The show follows Detective Alma who is sent back to Perdar Theendar, an Indigenous community she left as a child, to investigate a suspicious car accident. It explores culture, community, the very human pursuit of identity and the realities of living in two worlds, something Rarriwuy thinks all First Nations peoples can resonate with. 

image RARRIWUY HICK AND CO-STAR LUKE ARNOLD. PHOTO BY BRADLEY PATRICK. 

“I think you’ll always find with Aboriginal and Torres Strait Islander people, this is our daily lives,” she shares. “We’ve got to live between two worlds and then there are whole other layers. The Northern Territory is a very different pace and culturally different to Sydney, let’s say. And I’ve been living between the two worlds my whole life. I’ve had a lot of challenges with that. A lot of people would say, ‘You’re so lucky, you’ve got the best of two worlds.’ But it was really challenging. It’s not easy at all. I think you find a way to live through it and live with it. But you’ll always face these challenges because our values and our laws are very different.”

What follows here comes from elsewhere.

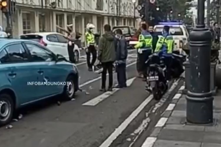 Kecelakaan terjadi di Jln Asia Afrika pagi hari, yang melibatkan Toyota Limo dan pengendra motor yang membawa daging ayam.
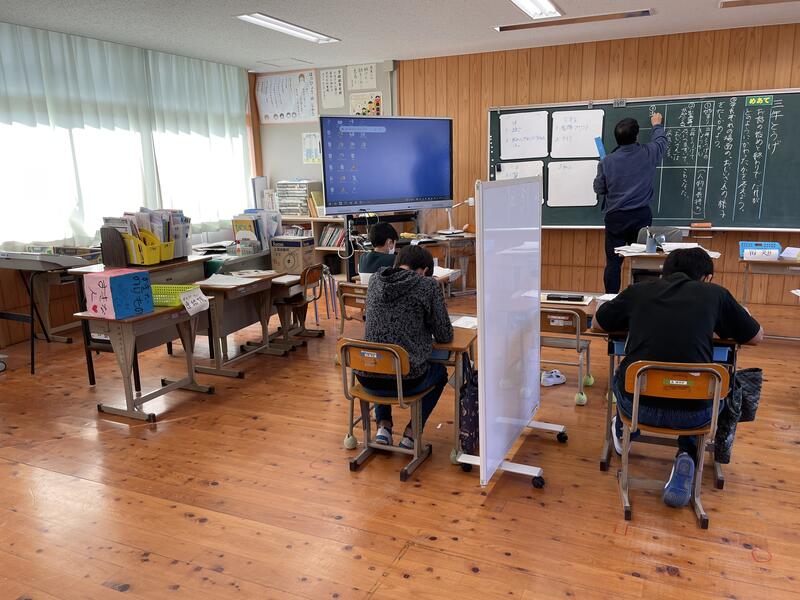 ただ、そのモニター画面がやや小さく見づらいので、何とかならないかと考えていたところ、事務の先生がHDMIのケーブルを使って、職員室内にある大型テレビにモニター画像が映るようにしてくれました。

At the beating heart of the series is a deep belief in the power of storytelling to honour both culture and Country. “It doesn’t matter where you come from; images, painting, film, music, acting, you tell that story and people can really feel that,” Rarriwuy says. “People invest and trust that character and really want to go on that journey with you. I mean, just look at the Indigenous content that has been made over the last, let’s say, 10 years. That has changed the way, I think, all Australians embrace this beautiful, oldest-living culture that we have, right here in Australia.”


True Colours premieres Monday 4 July at 8.30pm on SBS and NITV.